■ **Stored data**
= = = =

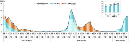Áúº´Ã»¿¡ µû¸£¸é ¿ÃÇØ 48ÁÖÂ÷(11¿ù 23ÀÏ~29ÀÏ) ÀÎÇ÷翣ÀÚ ÀÇ»çȯÀÚ(ÀÇ½É Áõ»óÀ» º¸À̴ ȯÀÚ) ºÐÀ²Àº 69.4¸íÀ¸·Î ¿¹³â °°Àº ±â°£º¸´Ù ³ôÀº ¼öÁØÀ» º¸À̰í ÀÖ´Ù.
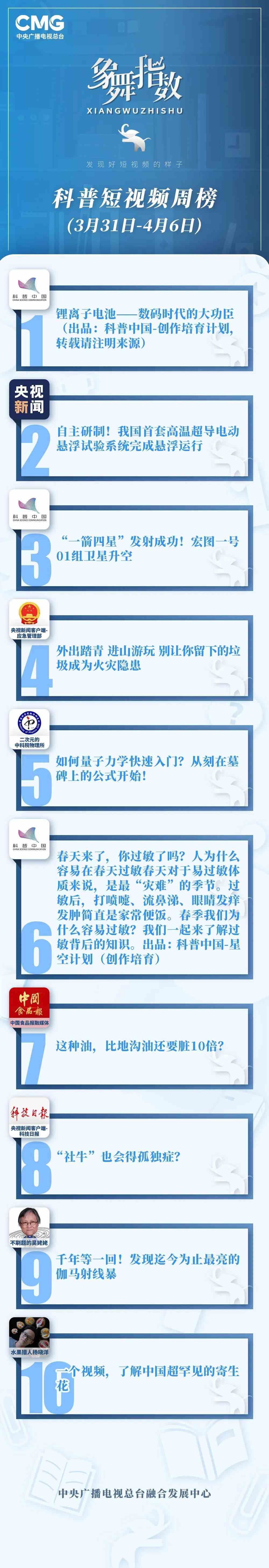 中央廣播電視總臺(tái)“象舞指數(shù)”評(píng)議品牌,推出科普短視頻周榜、總臺(tái)科普短視頻周榜。在2023年3月31日-4月6日,值得注目的內(nèi)容有:
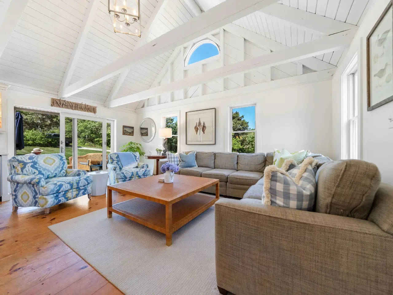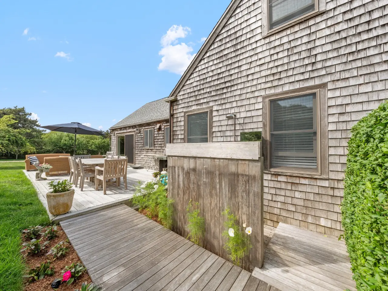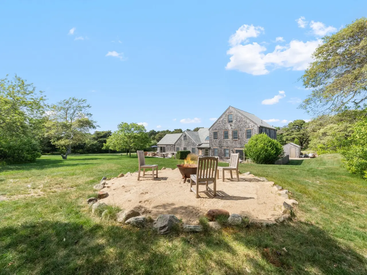 Minutes away from NGC, and including 2 complete homes. 12 Longwood Dr. is a magical property surrounded by manicured lawns and mature natural vegetation. The long winding driveway passes the 2 bedroom Guest Cottage before continuing down a slight grade to the expansive 4 bedroom Main House site. The Main House has an open floor plan with a cathedral ceiling living room, connected to a long hallway, creating privacy for the bedrooms. At the end of the hallway is the TV room. Two outdoor decks, a fire pit, and an apple orchard that produces different varieties, as well as a fruit-bearing pear tree, add to the special ambience of this property. A private path leads to the milestone bicycle path and easy access to Sconset Village. Across Milestone road are hundreds of acres of conservation land, cranberry bogs and miles of trails to walk or bike. Multiple locations available for a pool and a pool cabana or Tennis court.
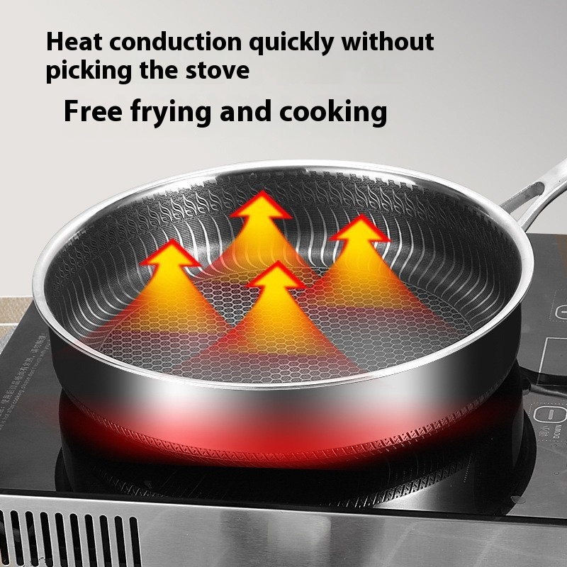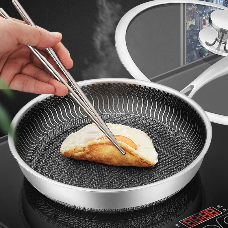 Stainless Steel Frying Pan With Lid, No Oil Smoke, Non-stick Pan, Household Uncoated Universal Steak Frying Pan
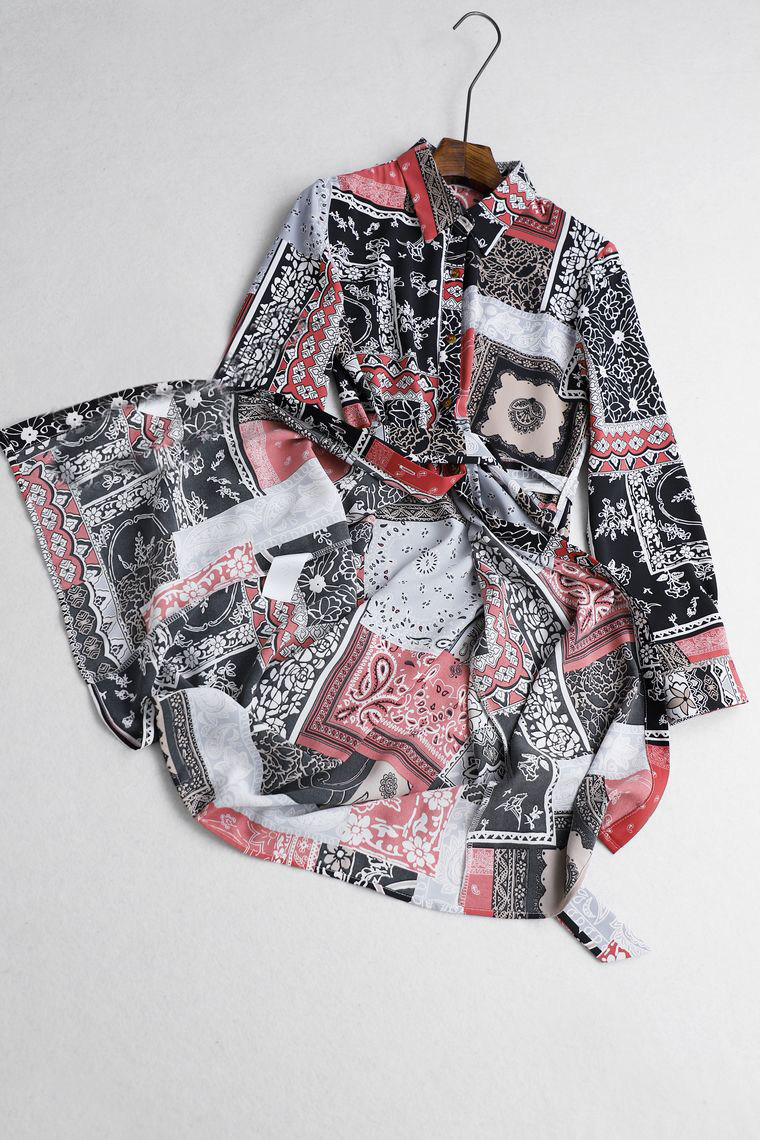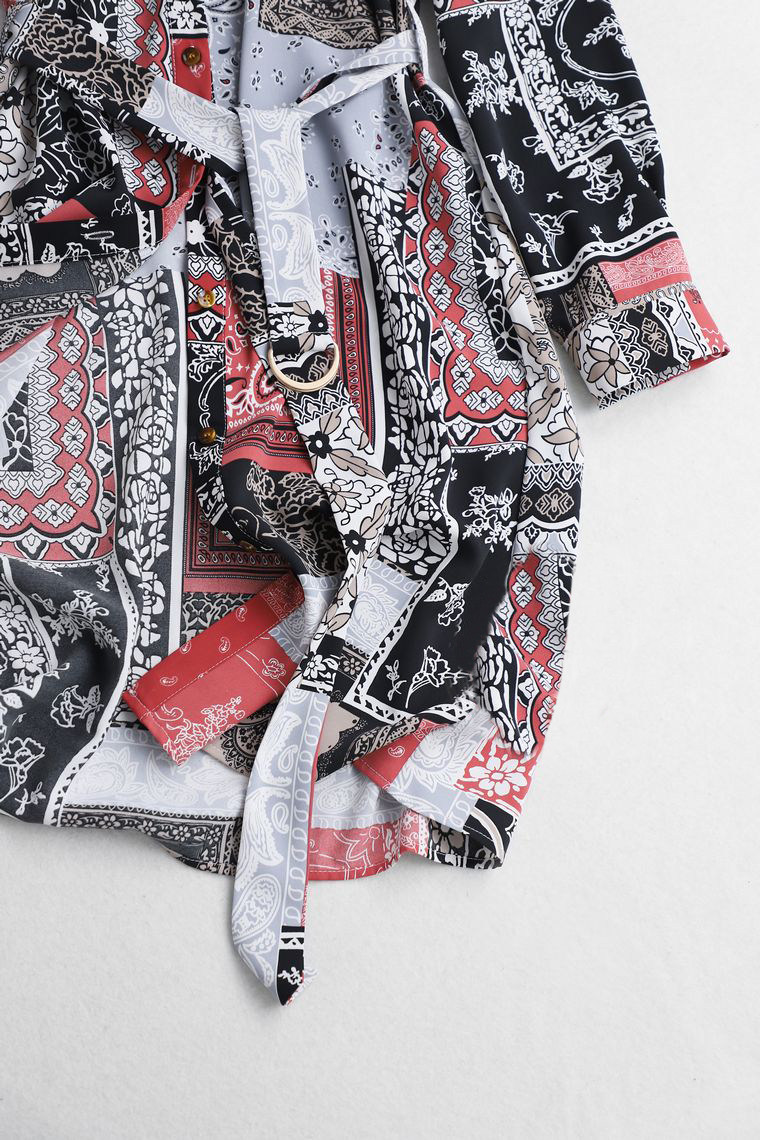 D42 Original DAN Early Spring New Chicken Fried Chicken Flash Printing Waist Shirt Dress
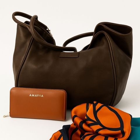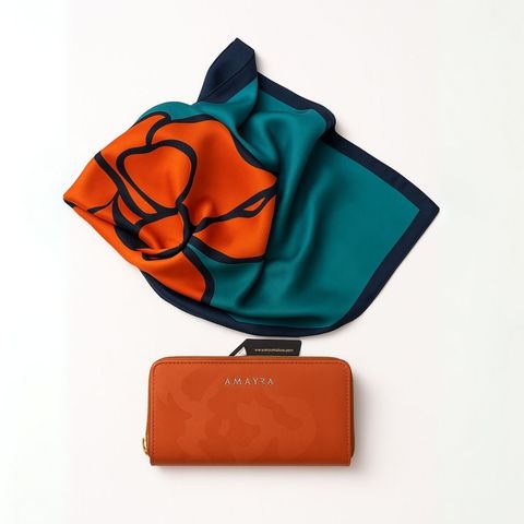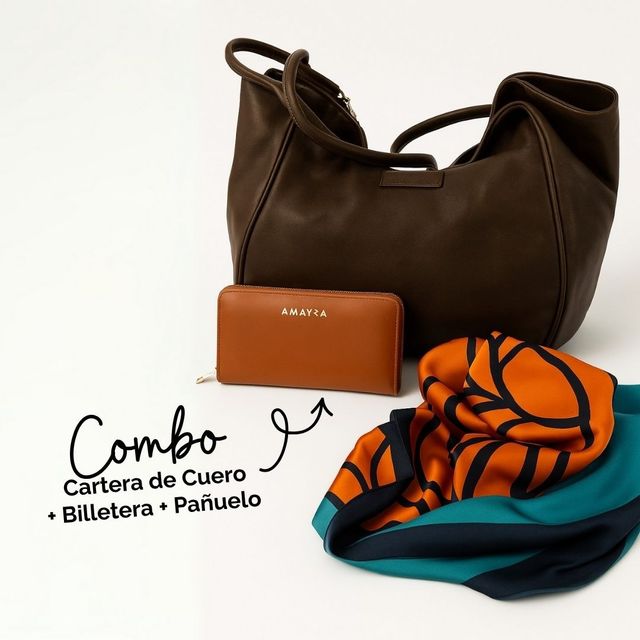 Incluye | Cartera de cuero Morrison + Billetera Amayra + Pañuelo estampado |
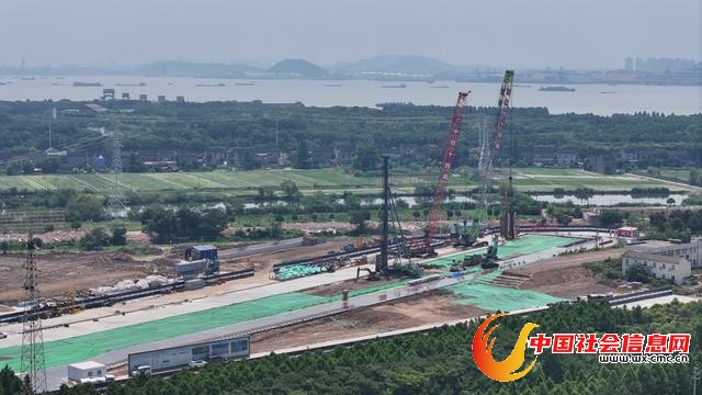 盐宜高铁长江隧道长距离穿越长江地下高水压、基岩凸起等复杂地层,面临地质环境复杂、穿越敏感建构筑物多、水下土岩复合地层掘进风险高、盾构机选型难度大、隧道结构设计新等特点。目前,大临工程建设、土建施工、盾构机选型设计等工作稳步推进。
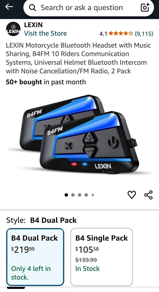 LEXIN Motorcycle Bluetooth Headset 2 Pack
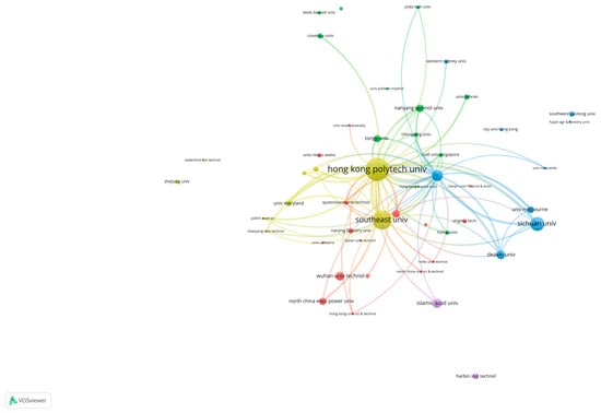 This section focuses on identifying the contributions of various affiliations in PPP risk management. The VOSviewer software was employed for scientific mapping. By establishing a minimum threshold of three papers per organization and a minimum citation count of 30, a total of 50 out of 508 affiliations met these criteria. Figure 6 illustrates the contributions and collaborations of research institutions related to RM-PPP. The associated information, including affiliation, country or region, total link strength, number of papers, and total and average citations for the top 20 most productive organizations, is summarized in Table 3.
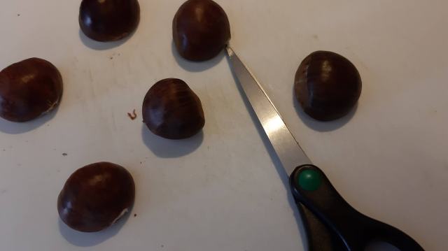 - С много остър нож или по-скоро с нож за тапети, отрежете прорез на Х в заоблената част на кестена.

= = = =

■ **AIM OF THE EXERCISE**
Copy only this from above: the line containing "Stainless Steel Frying", the line containing "LEXIN Motorcycle Bluetooth Headset 2 Pack", and all lines between, printed exactly. Leave out the pictures.

■ **SOLUTION TO THIS PROBLEM**
 Stainless Steel Frying Pan With Lid, No Oil Smoke, Non-stick Pan, Household Uncoated Universal Steak Frying Pan
 D42 Original DAN Early Spring New Chicken Fried Chicken Flash Printing Waist Shirt Dress
 Incluye | Cartera de cuero Morrison + Billetera Amayra + Pañuelo estampado |
 盐宜高铁长江隧道长距离穿越长江地下高水压、基岩凸起等复杂地层,面临地质环境复杂、穿越敏感建构筑物多、水下土岩复合地层掘进风险高、盾构机选型难度大、隧道结构设计新等特点。目前,大临工程建设、土建施工、盾构机选型设计等工作稳步推进。
 LEXIN Motorcycle Bluetooth Headset 2 Pack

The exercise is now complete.